Improving PDF Quality for the Zotero's new PDF recognizer

zurpher · March 20, 2018

When importing the PDF from https://www.oneducation.net/wp-content/uploads/2018/03/10.17899_on_ed.2018.1.1.pdf , Zotero's new PDF recognizer recognises author and title but not year or any other information. What can be done to improve this?

dstillman · March 23, 2018

The DOI in that PDF redirects properly, but there's no metadata for it in any of the DOI registration agencies we currently check. @adamsmith, how common is it for there to be a redirect but no metadata? Is there a way to determine the RA from the DOI?

In the absence of canonical metadata, we could probably do a bit better at extracting what's in the PDF, but that's obviously a worse option. The embedded metadata available on the page itself isn't great either.

adamsmith · March 23, 2018

It should be very rare for an item to resolve and have no metadata (it'd be from one of the RAs we don't currently support) and something else is going on here I think.

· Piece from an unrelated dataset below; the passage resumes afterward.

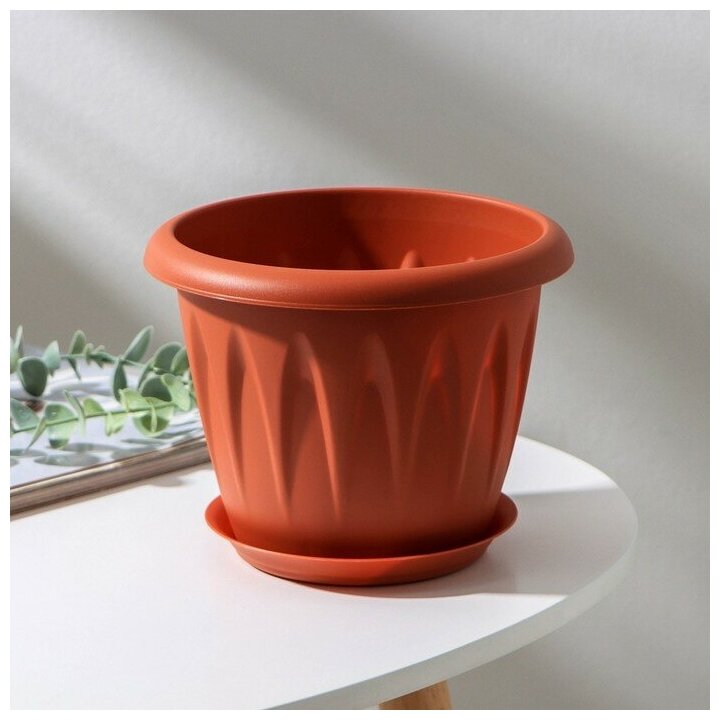 Горшки для комнатных растений Idea Пластиковое кашпо Алиция с поддоном терракотовое D 18 см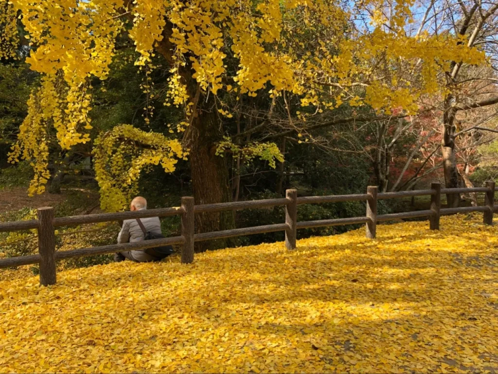 続いては、二月堂を出て少し進んだところにあるイチョウ。垂れ下がるイチョウと地面を埋め尽くす黄色いじゅうたんが造り出す空間は、思わず足を止めてしまうほどの絶景です。

You can find out the RA using the datacite prefix API:
curl "https://api.datacite.org/prefixes/10.7899"

and this is a datacite DOI, so it has metadata and
curl -LH "Accept: application/vnd.citationstyles.csl+json" https://doi.org/10.17899/on_ed.2018.1.1

looks good. I'll have to take a look what goes wrong. Probably a bug in the search translator.

dstillman · March 23, 2018

It looks like there's no title in the metadata, which Zotero requires:

https://data.datacite.org/application/citeproc+json/10.17899/on_ed.2018.1.1

adamsmith · March 23, 2018

ah yes, right. That's weird -- title is mandatory in Datacite for all currently active versions of their metadata schema. I'll try to track down if this is a bug on their end.

adamsmith · March 23, 2018

Yes, that's a Datacite bug. They have the title, it just doesn't make it into any of their JSON formats. Reported here: https://github.com/datacite/datacite/issues/324

zurpher · March 26, 2018

I found three more things that appear incorrect in the JSON format.

1) The "type" should not be "report" but "journal article" instead.

"type": "report",

2) The title of the journal ended up in the "abstract" field.

"abstract": "On Education. Journal for Research and Debate",

3) The date should be month year (03/2018) but it is only 2018.

Also the XML data for the articles of the first issue seem incomplete. Only Merry (2018) shows the publisher information and the CC BY-NC license – the others do not.

adamsmith · March 26, 2018

That's a combination of what the publisher deposits with Datacite and limits of the Datacite data model -- there's nothing we can do about those.

zurpher · March 26, 2018

Thanks for tracking down the bug, @adamsmith . I contacted Datacite regarding the other issues.

adamsmith · March 26, 2018

I'd generally not contact DataCite with data quality issues unless you have a strong reason to believe that the problem are their services rather than the data deposited with them (which was the case for the issue I filed & linked to above). Your first point of contact should typically be the journal's publisher.

zurpher · March 28, 2018

Well, I registered the article metadata myself with da|ra. You are probably right that da|ra should be my first point of contact.

mfenner · April 3, 2018

To add to what adamsmith said: mapping DataCite metadata to Citeproc JSON used for citation formatting can sometimes be tricky. The issues in this particular example are a) SeriesInformation goes into the DataCite Description field and thus shows up in the abstract in Citeproc JSON, b) there is no controlled vocabulary for resourceType, so "Article" is not recognized, and we default to "report", and c) the DataCite metadata don't contain a publication month.

The fix would be for a) that DataCite correctly parses the relatedIdentifier "isPartOf" with the ISSN, b) that DataCite comes up with a controlled vocabulary that includes JournalArticle (unlikely in the short term), and c) that "data issued" metadata is used for a more specific publication date.

Martin (DataCite Technical Director)